You better get cracking on dinner!


----------



## Feather Freeks (Jan 21, 2008)

just watched it. My God that movie kicks some serious @$$!!


----------



## diver_sniper (Sep 6, 2004)

It's a great movie. I still would recommend Honker Talk to someone who just got their first call though. Then after a few months of practice I would get them Bad Grammer. Scott gets goes a little bit farther than most guys are able to at the first step. Still a great movie.


----------



## born2kill (Mar 4, 2008)

diver_sniper said:


> It's a great movie. I still would recommend Honker Talk to someone who just got their first call though. Then after a few months of practice I would get them Bad Grammer. Scott gets goes a little bit farther than most guys are able to at the first step. Still a great movie.


theres nothing better than zink call movies and 24-7 those kick a$$ go fred zink


----------



## ndwaterfowler (May 22, 2005)

I saw some bits and pieces of it between the calling contests at Red Bear and it didn't disappoint. Scott is a great guy and puts his knowledge and humor to good work...not to mention Big Perm, the true star of the show!

Chris


----------



## USAlx50 (Nov 30, 2004)

born2kill said:


> theres nothing better than zink call movies and 24-7 those kick a$$ go fred zink


the zink kool aid strikes again, this thing doesn't agree!










Although they do get some great hunt footage between the time wasting bs.


----------



## Leo Porcello (Jul 10, 2003)

USAlx50 said:


> born2kill said:
> 
> 
> > theres nothing better than zink call movies and 24-7 those kick a$$ go fred zink
> ...


Too Funny!! :beer:


----------



## honkstopper (Dec 23, 2007)

born2kill said:


> diver_sniper said:
> 
> 
> > It's a great movie. I still would recommend Honker Talk to someone who just got their first call though. Then after a few months of practice I would get them Bad Grammer. Scott gets goes a little bit farther than most guys are able to at the first step. Still a great movie.
> ...


Just wondering if you and your buddies sit around stairing at a poster of fred zink that says te godfather. Yeah fred is good but those films wouldn't be anything with out field. as far as anybody that says scott's dvd is BS my wife actually started to learn how to run a short reed while wathcing that video with me. He teaches how to blow a short reed the correct way. note for note


----------



## goosehunternd (Mar 10, 2006)

Went out to buy the dvd today and cabelas and scheels dosent carry it in Forks. Needless to say I wasnt very happy


----------



## blhunter3 (May 5, 2007)

Who does carry it?


----------



## Clark Griswald (Mar 16, 2006)

You can order it directly from Scott on his bad grammar webisite or traderoutdoors.com has them for sure, and they have free shipping on any dvd! just a heads up


----------



## WingedShooter7 (Oct 28, 2005)

Havent seen it yet, but have heard nothing but good about it.

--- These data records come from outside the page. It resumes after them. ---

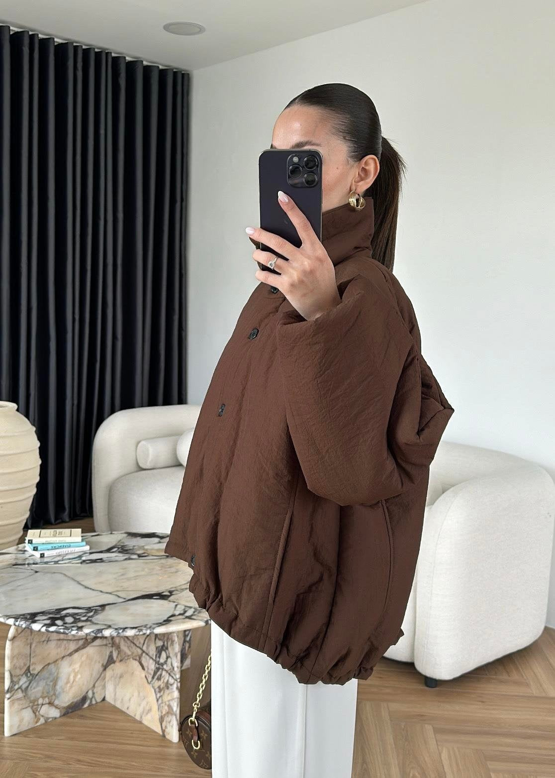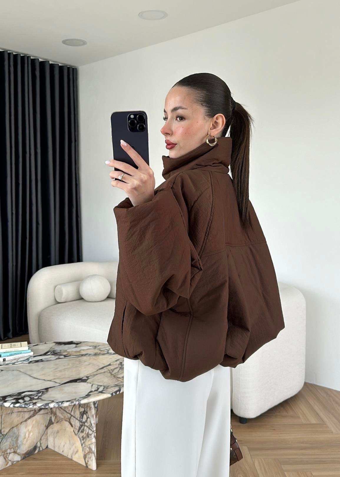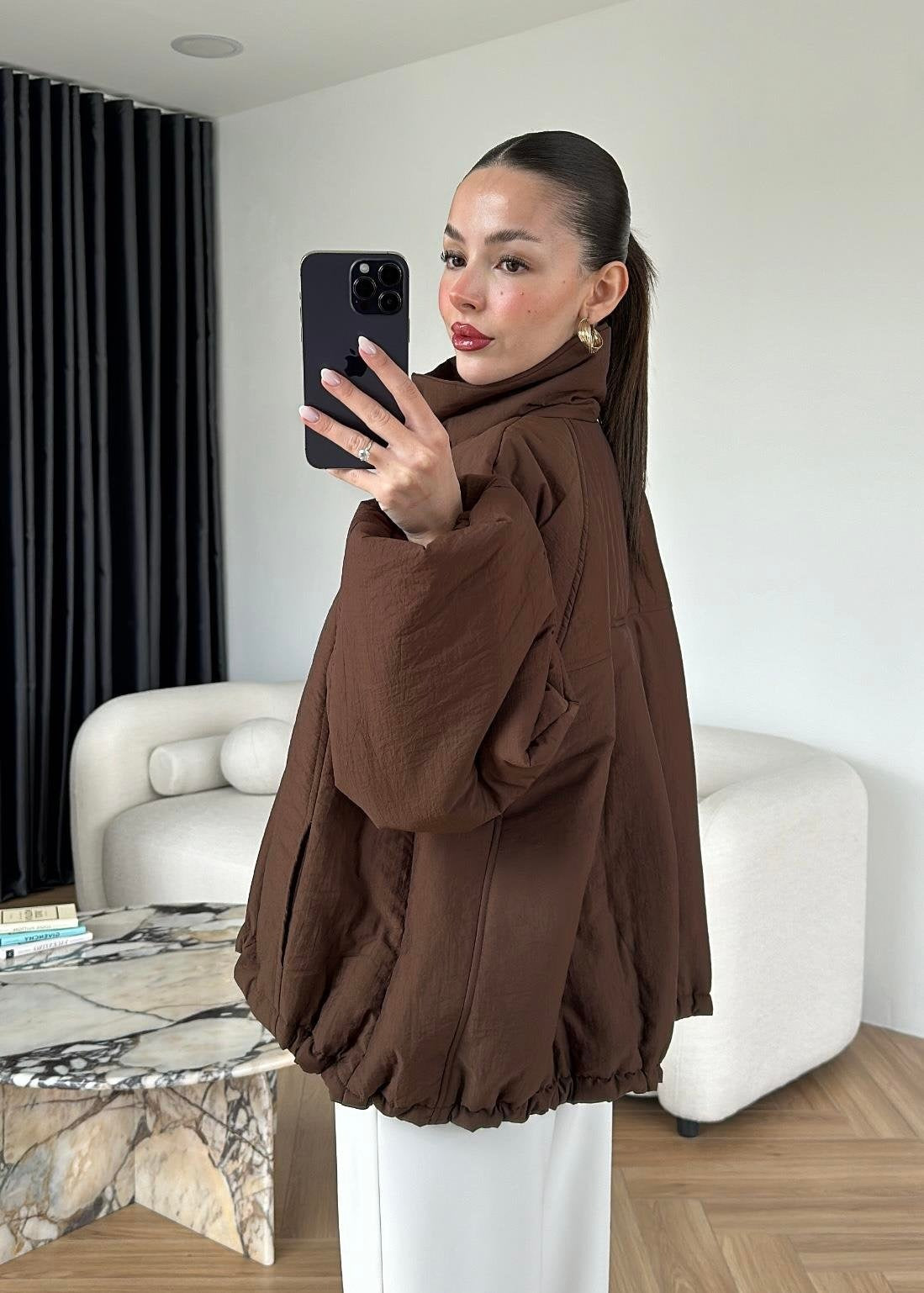 Dik Yakalı Arkası Uzun Mont KAHVE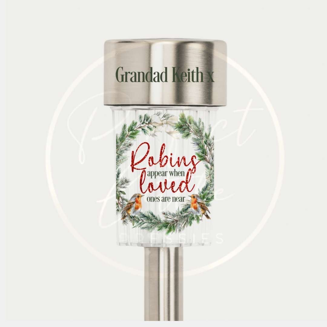 Bring light and love to your garden with this beautiful memorial solar light on a stake, featuring the heartfelt phrase “Robins appear when loved ones are near.” This touching design serves as a gentle reminder that those we love are always with us, even when they’re not by our side.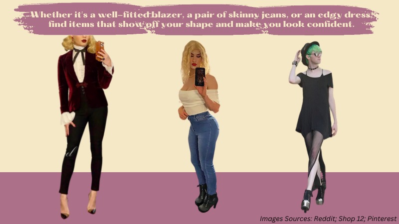 Instead, focus on finding pieces that fit close to your body and bring out the best in you. Whether it’s a well-fitted blazer, a pair of skinny jeans, or an edgy dress, find items that show off your shape and make you look confident.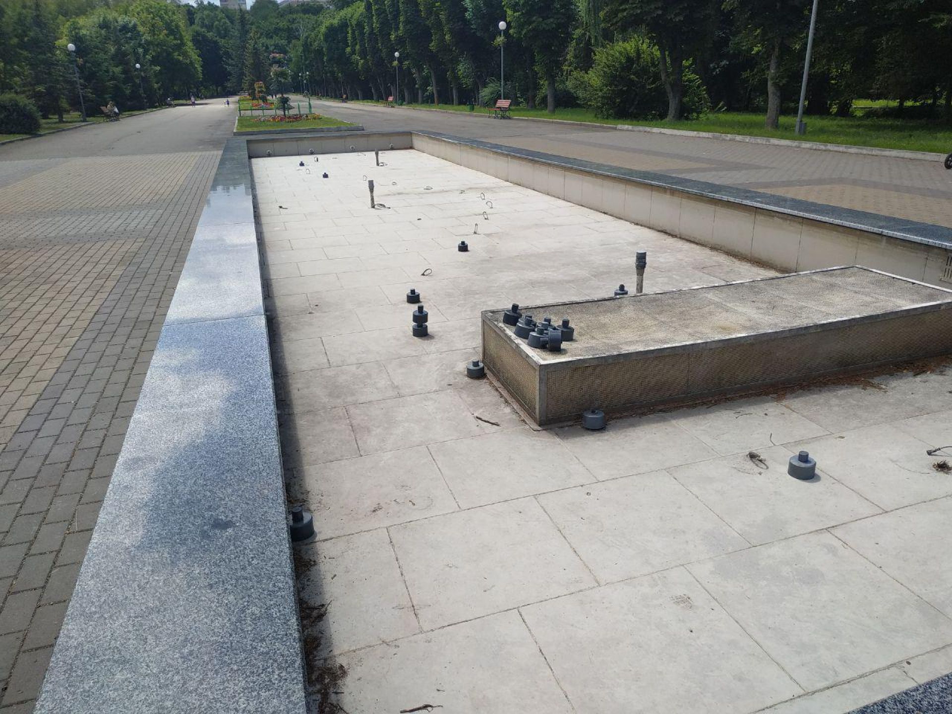 Комплекс із трьох фонтанів у гідропарку «Топільче» не працює. Лише в одному з них знаходиться вода. Проте його дно вже починає забруднюватися.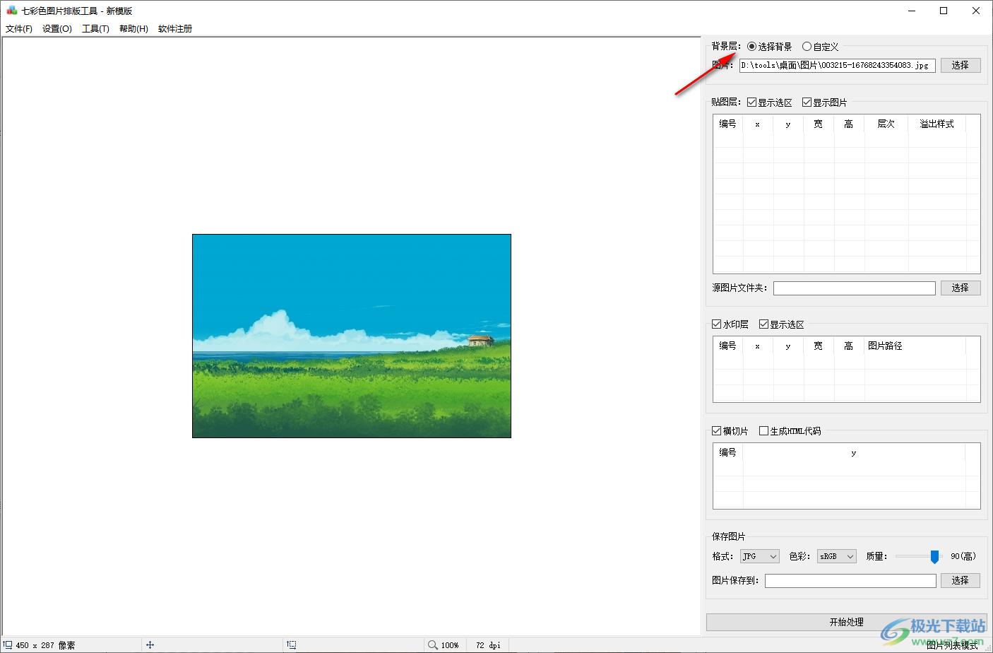 1、七彩色图片排版工具提供简单的图像排版设置功能,可以在软件界面创建贴图层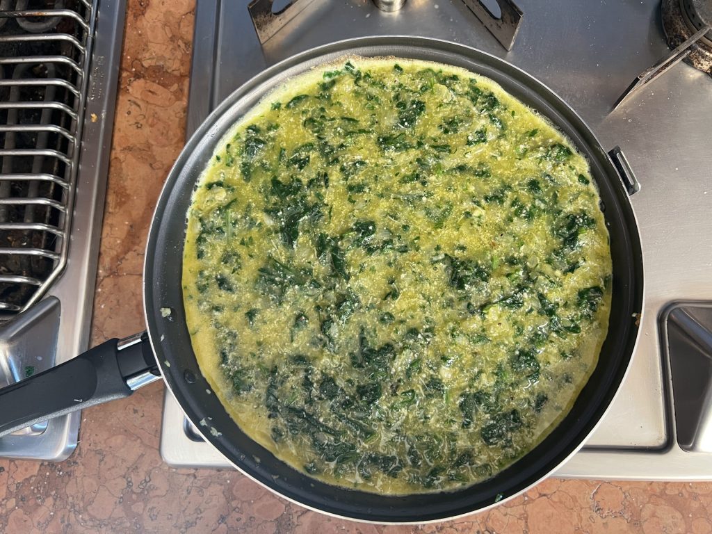 Heat the pan again, adding a little oil if necessary. I didn’t do it because it was still coated with the oil from the sauté. Once it’s hot, pour in the egg mixture and level it with a spatula.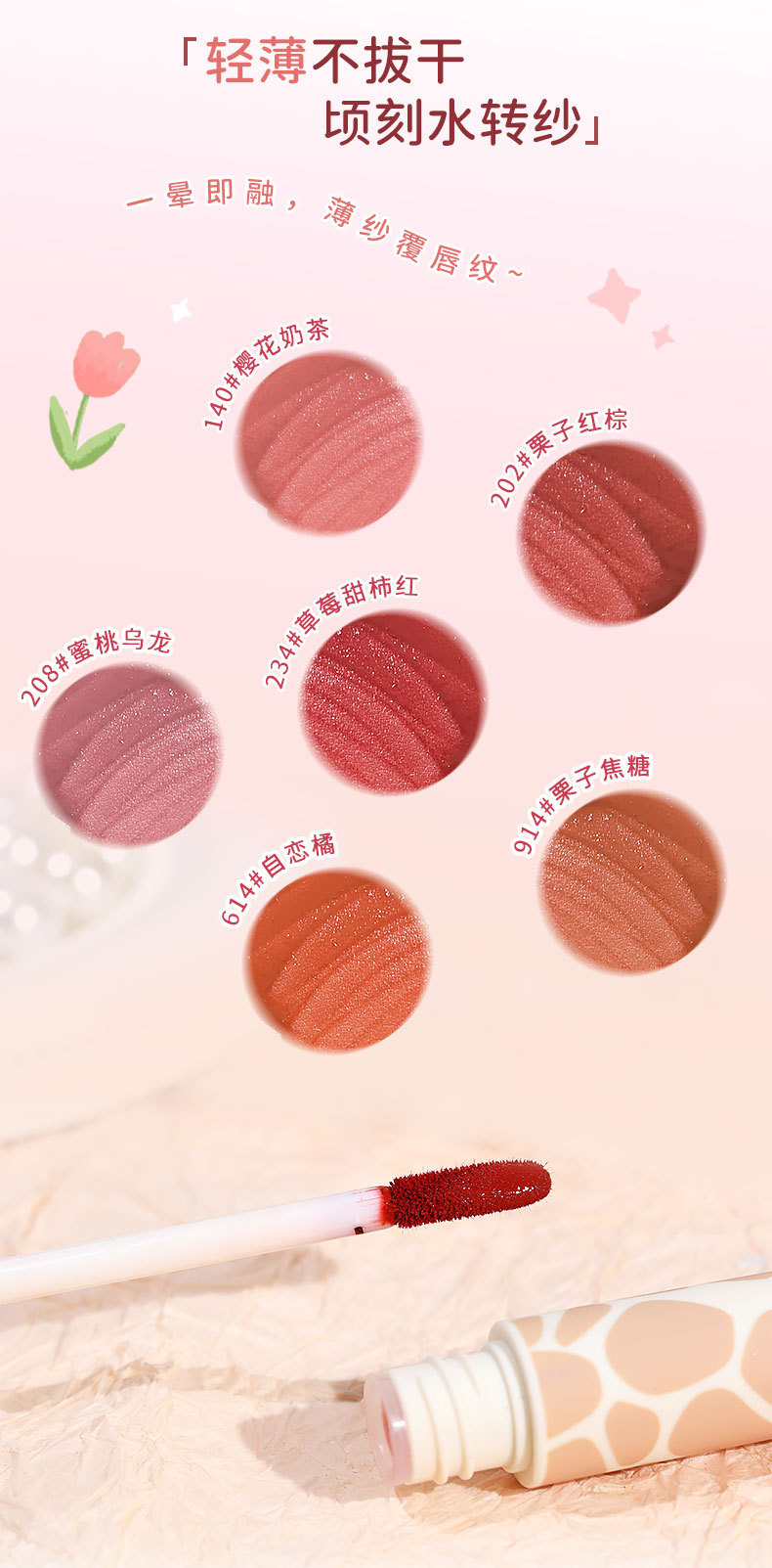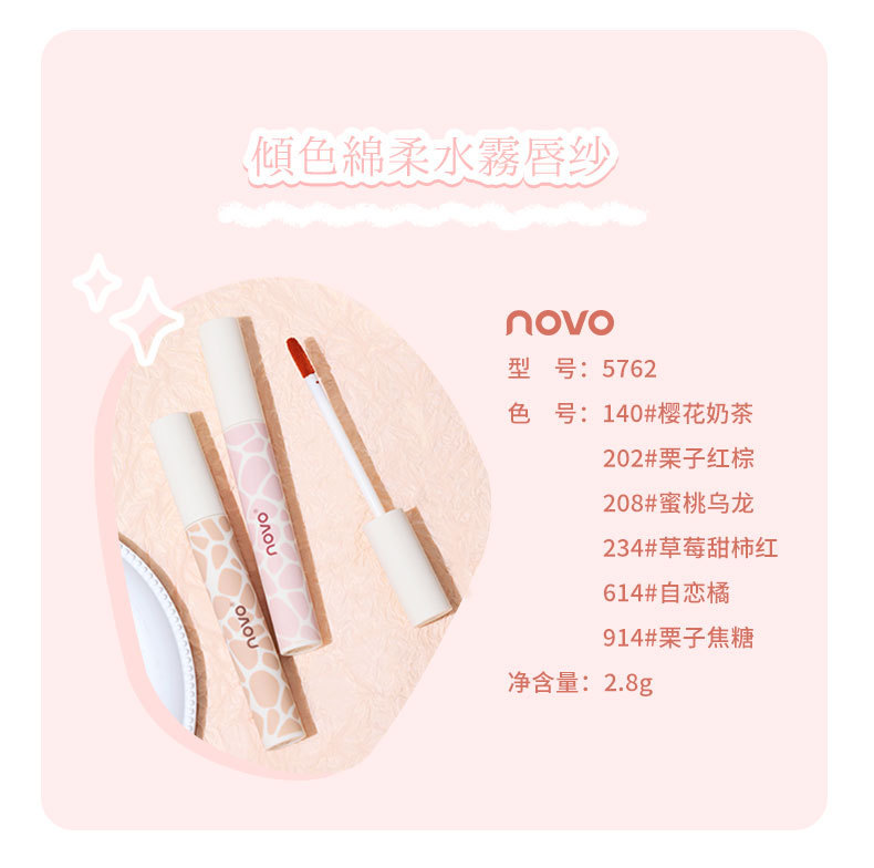 Novo Water Mist Lip Gauze Lip Glaze Matte Matte Waterproof Non-Fading Non-Stick Cup Gentle Daily Whitening Lipstick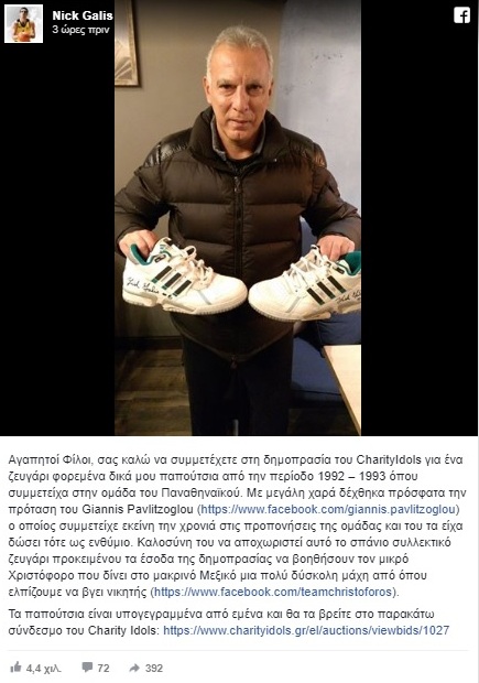Αγαπητοί φίλοι, σας καλώ να συμμετέχετε στη δημοπρασία του Charity Idols για ένα ζευγάρι φορεμένα δικά μου παπούτσια από την περίοδο 1992 – 1993 όπου συμμετείχα στην ομάδα του Παναθηναϊκού.

Deff going to order it!


----------



## mshutt (Apr 21, 2007)

I got my copy from going to cabelas, finally realizing that they didnt have any and so then i went and ordered for 25$ with shipping, and she came in just 4 days!!!

Great Cd, Scott tells you how to get the right pressure, what it sounds like in the back and infront of the call...real geese making the sounds...when and when not to do it in teh field/competion stages...

Also, does anybody know what kind of call he is using??? That is the most goosey sounding call ive ever heard, but mabye thats because hes a pro at it :lol:


----------



## justund223 (Aug 28, 2006)

the sameone you borrowed from brett


----------



## mshutt (Apr 21, 2007)

well that pro super mag im using sure dont make the sounds he gets  Damnit i suck at calling...


----------



## USAlx50 (Nov 30, 2004)

Ive heard that he uses the real thang mostly in the dvd 8) . I know he blows a polycarb pro mag in comps.


----------



## Bullock Outdoors (Sep 26, 2007)

Great DVD!


----------



## aharvey010 (Feb 22, 2008)

great dvd, very hepful breaks down all the individual notes and show real gease doing them, awesome to learn and build your calling skills


----------



## whitehorse (Jan 28, 2008)

as already confirmed, it's a GREAT dvd, Goes into very clear instruction, easy to view shot of what he is doing, and he does a good job of saying very clearly what he wants us to know ALRIGHT? (had to throw that in, anyone who has see this dvd knows what i'm talking about, OK?)

haha, welllll worth the 25$!!


----------



## blhunter3 (May 5, 2007)

ALRIGHT, its a great dvd. I would suggest getting that dvd before you get a short reed. Bad Grammar and Honker Talk are the best dvd's out there. The only thing I didn't like about Bad Grammar was ALRIGHT.


----------



## WingedShooter7 (Oct 28, 2005)

yeah man he says alright like 1,000 times and OK like 1,000 times other wise its a really really good dvd


----------



## target (Aug 10, 2006)

Just got it and am watching it now. started taking a drink of beer for every alright and im about toast already and only 20 minutes in.

Other then that good DVD


----------



## Chaws (Oct 12, 2007)

Anyone around Fargo be willing to loan their copy out for a couple days? I'd be curious to see it.


----------